Cette situation se retrouve également au niveau des politiques de l’habitat. Pendant longtemps, la ville de Belfort a accepté d’assurer une part importante de la construction de logements sociaux. L’arrivée de la droite au pouvoir en 2014 modifie la donne. Au départ, la nouvelle équipe municipale propose de redistribuer les cartes en ralentissant la production de logements sociaux à Belfort, et à l’inverse en l’intensifiant dans les périphéries. Cet objectif donne lieu à la mise en place de nouveaux outils aussi bien à l’échelle municipale qu’intercommunale : mise en place d’un dispositif préventif pour enrayer la déqualification des grandes copropriétés privées ; lancement d’une opération programmée d’amélioration de l’habitat de renouvellement urbain (OPAH-RU) dans le quartier de Belfort Nord-Jean Jaurès ; priorisation des aides à la pierre HLM sur des programmes neufs se situant dans des communes périphériques.

Cette captation des leviers d’action intercommunaux pour accompagner le renouvellement urbain à Belfort reste néanmoins partielle. En effet, les grandes orientations édictées dans les documents de planification ne sont pas suivies d’effet. C’est ce que souligne l’un des représentants de la DDT :

« L’habitat n’est pas gouverné. Avant, il y avait un consensus autour de l’idée que le logement social était pour Belfort et que les autres communes se développaient à leur guise. Le PLH et le SCOT étaient très permissifs. Aujourd’hui, c’est un peu différent, la ville de Belfort tient le discours suivant : ‘Attention, il ne faut pas que Belfort accueille uniquement les populations les plus pauvres. On n’a pas vocation à se spécialiser socialement.’ C’est très bien ! Mais quand le maire d’une commune de deuxième couronne, lors de la révision de son PLU, prévoit la réalisation de projets d’extension pavillonnaire déraisonnables, personne ne réagit. Ce fut le cas par exemple de la commune d’Argiésans à l’ouest de Belfort. Dans ce cas, c’est à nous, État local, de limiter la casse, mais on ne peut pas être dans une logique d’interdiction. Tout au plus on peut essayer de fixer des objectifs plus raisonnables, ou dans le pire des cas aller au contentieux. » (Directeur du service Logement, DDT 90)

Plus généralement, les maires n’ont pas souhaité transférer la compétence urbanisme à la Communauté d’agglomération du Grand Belfort. Le maire de Belfort n’a pas cherché à

imposer cette remontée de compétence. Comme le souligne le DGS du Grand Belfort, « le président de l’agglomération veut aller en douceur. L’intercommunalité, ça ne se force pas ». Contrairement à ses prédécesseurs, D. Meslot n’a pas investi fortement les instances intercommunales. Selon certains de nos enquêtés, il ne dispose pas d’une « culture de l’intercommunalité ». Toutefois, la cause de cette réticence doit sans doute plus être cherchée dans le profil de ce maire et les modes de légitimation qu’il privilégie. Ses modes de légitimation semblent orientés autour du contrôle électoral du fief, qui passe par une action de proximité et de clientélisation de sous-groupes de la société urbaine dans la commune de Belfort, d’un côté, et par la mise en place de mécanismes permettant aux communes périphériques de profiter de l’intercommunalité sans trop subir ses contraintes, de l’autre.

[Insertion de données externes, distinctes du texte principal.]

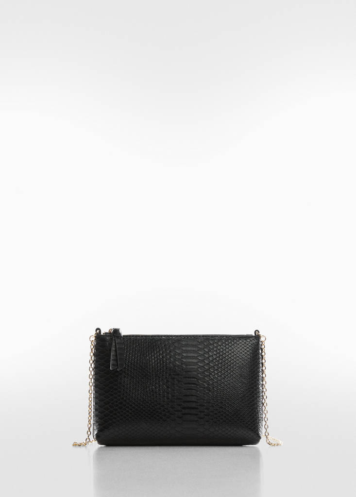 Small size. Crocodile effect. Long detachable chain strap. Zip fastening. Inner lining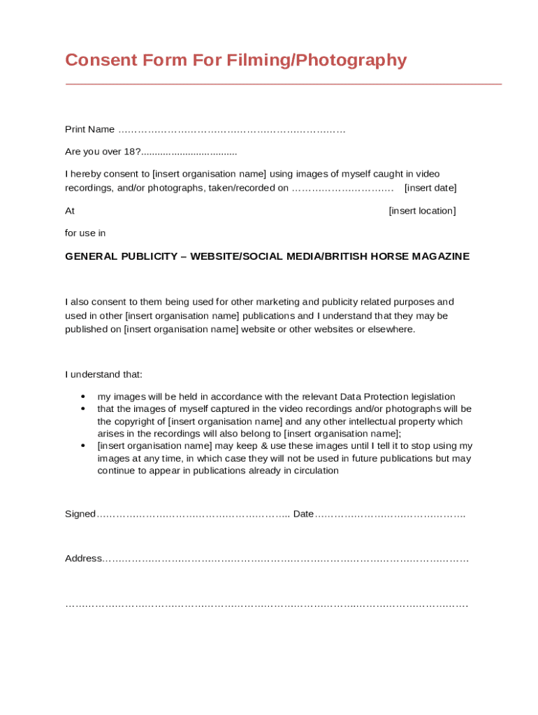 The Consent Form For Filming/Photography is a legal document used by organizations to obtain permission from individuals to use their images for publicity and marketing purposes.

Ainsi, l’une des spécificités du Grand Belfort a été l’instauration en 2014 d’un fond d’aide aux communes, qui permet de mettre en œuvre la redistribution en dehors de tout critère objectif d’attribution81. Le DGS du Grand Belfort revient sur la nature de ce dispositif :

« Le fond d’aide aux communes, c’est quelque chose de très politique. Le député-maire arrose sa circonscription. C’est une distribution très politique, je n’ai pas peur de le dire. Il n’y a aucun critère qui justifie l’allocation de ces fonds. » (DGS du Grand Belfort)

Il est d’ailleurs à noter que ce fonds a augmenté lors du vote du budget 2017, passant à 1 514 816 euros. Si cette augmentation a été présentée comme une conséquence de l’élargissement du périmètre de la CAB, les fonds semblent avant tout avoir été fléchés vers les communes de la circonscription législative du maire, dans un contexte pré-électoral (Garel, 2017).